Kieruje nim prozaiczne poczucie sprawiedliwości: by zło zostało jednak ukarane. I jeśli rozmiar sprawiedliwości z różnych powodów nie daje sobie z tym rady, wkracza Reacher. Gazeta Wyborcza Tak jest i tym razem.
W Bolton, miasteczku w Dakocie Południowej, mieszka miła starsza pani, która ma być świadkiem koronnym w procesie przeciwko przywódcy gangu motocyklowego handlującego amfetaminą. Jeśli ma zeznawać przed sądem, musi przeżyć. A do tego będzie potrzebowała pomocy.
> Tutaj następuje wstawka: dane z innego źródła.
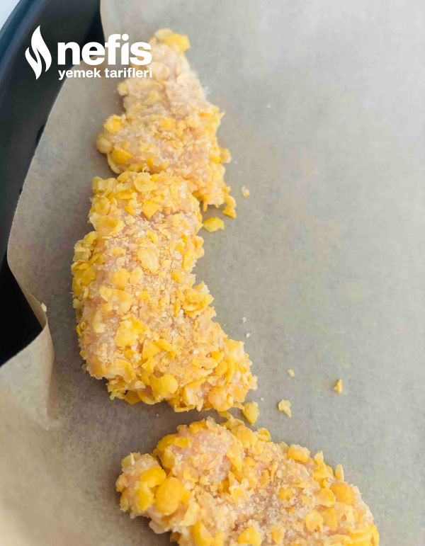 - Ayrı bir kapta mısır gevreği, galeta unu, baharatları karıştırın.
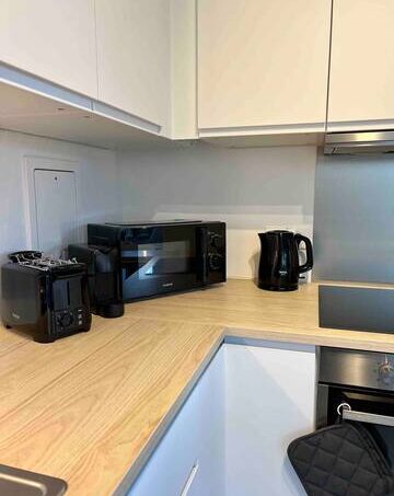 As you step inside, you’ll find a comfortable living space perfect for unwinding after a day of city exploration. The convertible sofa bed accommodates an additional 2 people making it ideal for families or larger groups.

Tymczasem policja nie wie, w co włoży ć ręce. Kontrolować pobliskiego więzienia, gdzie przetrzymywany jest oskarżony, czy świadka, którego ktoś z pewnością będzie próbował uciszyć. Ktoś z miejscowych albo ktoś z zewnątrz. Jak Jack Reacher jadący autobusem, który trzydzieści kilometrów od Bolton wpada w poślizg. Tylko iż on nie jest płatnym zabójcą, jak początkowo podejrzewają miejscowi stróże prawa.
Reacher, ostatni sprawiedliwy, po prostu nie lubi ludzi czyhających na życie starszych pań. Ale żeby uratować właśnie tę, musi się dowiedzieć kilku rzeczy. Na przykład, jaką tajemnicę skrywa pobliska opuszczona baza wojskowa.
Ma na to 61 godzin. I ani minuty do stracenia.